Work task: Could you print, exactly as they stand, the lines from the one holding "Maffersdorf 1938 - 1" to the end of the data below, and nothing more?

[[ Data records open ]]

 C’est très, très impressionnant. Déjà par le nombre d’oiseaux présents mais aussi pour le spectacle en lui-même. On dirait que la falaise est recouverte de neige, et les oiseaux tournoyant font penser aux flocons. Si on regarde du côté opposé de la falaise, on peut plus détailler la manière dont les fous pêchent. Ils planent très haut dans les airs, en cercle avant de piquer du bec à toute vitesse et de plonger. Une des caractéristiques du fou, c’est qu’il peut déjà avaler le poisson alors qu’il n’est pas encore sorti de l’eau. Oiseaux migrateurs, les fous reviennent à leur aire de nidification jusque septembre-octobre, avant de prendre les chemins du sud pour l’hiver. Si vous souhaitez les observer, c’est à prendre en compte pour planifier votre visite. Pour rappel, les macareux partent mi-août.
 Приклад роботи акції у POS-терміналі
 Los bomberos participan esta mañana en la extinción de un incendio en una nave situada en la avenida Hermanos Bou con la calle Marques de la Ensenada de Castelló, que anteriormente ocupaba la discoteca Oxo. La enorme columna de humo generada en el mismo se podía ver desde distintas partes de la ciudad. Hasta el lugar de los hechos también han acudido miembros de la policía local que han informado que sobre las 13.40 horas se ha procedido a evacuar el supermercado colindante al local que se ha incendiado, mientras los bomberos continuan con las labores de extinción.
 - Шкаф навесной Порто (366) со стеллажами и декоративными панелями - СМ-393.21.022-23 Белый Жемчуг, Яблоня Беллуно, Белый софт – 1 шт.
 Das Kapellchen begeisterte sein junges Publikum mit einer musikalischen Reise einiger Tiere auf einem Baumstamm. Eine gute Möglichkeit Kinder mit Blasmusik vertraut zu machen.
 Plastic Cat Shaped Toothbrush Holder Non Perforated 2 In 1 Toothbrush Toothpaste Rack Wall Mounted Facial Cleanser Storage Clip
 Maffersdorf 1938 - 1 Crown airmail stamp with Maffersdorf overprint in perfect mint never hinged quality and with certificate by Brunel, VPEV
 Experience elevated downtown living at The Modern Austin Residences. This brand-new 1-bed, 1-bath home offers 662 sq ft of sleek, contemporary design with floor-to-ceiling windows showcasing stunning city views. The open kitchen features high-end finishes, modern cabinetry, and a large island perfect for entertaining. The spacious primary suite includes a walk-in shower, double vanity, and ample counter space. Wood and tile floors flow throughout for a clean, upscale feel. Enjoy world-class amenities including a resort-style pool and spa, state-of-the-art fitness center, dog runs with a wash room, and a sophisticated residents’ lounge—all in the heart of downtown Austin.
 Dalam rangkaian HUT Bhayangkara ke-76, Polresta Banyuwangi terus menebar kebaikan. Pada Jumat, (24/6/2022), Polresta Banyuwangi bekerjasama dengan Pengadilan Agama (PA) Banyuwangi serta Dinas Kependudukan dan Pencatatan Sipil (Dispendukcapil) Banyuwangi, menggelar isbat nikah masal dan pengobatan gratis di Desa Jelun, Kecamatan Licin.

[[ Data records closed ]]

Response to the task:
 Maffersdorf 1938 - 1 Crown airmail stamp with Maffersdorf overprint in perfect mint never hinged quality and with certificate by Brunel, VPEV
 Experience elevated downtown living at The Modern Austin Residences. This brand-new 1-bed, 1-bath home offers 662 sq ft of sleek, contemporary design with floor-to-ceiling windows showcasing stunning city views. The open kitchen features high-end finishes, modern cabinetry, and a large island perfect for entertaining. The spacious primary suite includes a walk-in shower, double vanity, and ample counter space. Wood and tile floors flow throughout for a clean, upscale feel. Enjoy world-class amenities including a resort-style pool and spa, state-of-the-art fitness center, dog runs with a wash room, and a sophisticated residents’ lounge—all in the heart of downtown Austin.
 Dalam rangkaian HUT Bhayangkara ke-76, Polresta Banyuwangi terus menebar kebaikan. Pada Jumat, (24/6/2022), Polresta Banyuwangi bekerjasama dengan Pengadilan Agama (PA) Banyuwangi serta Dinas Kependudukan dan Pencatatan Sipil (Dispendukcapil) Banyuwangi, menggelar isbat nikah masal dan pengobatan gratis di Desa Jelun, Kecamatan Licin.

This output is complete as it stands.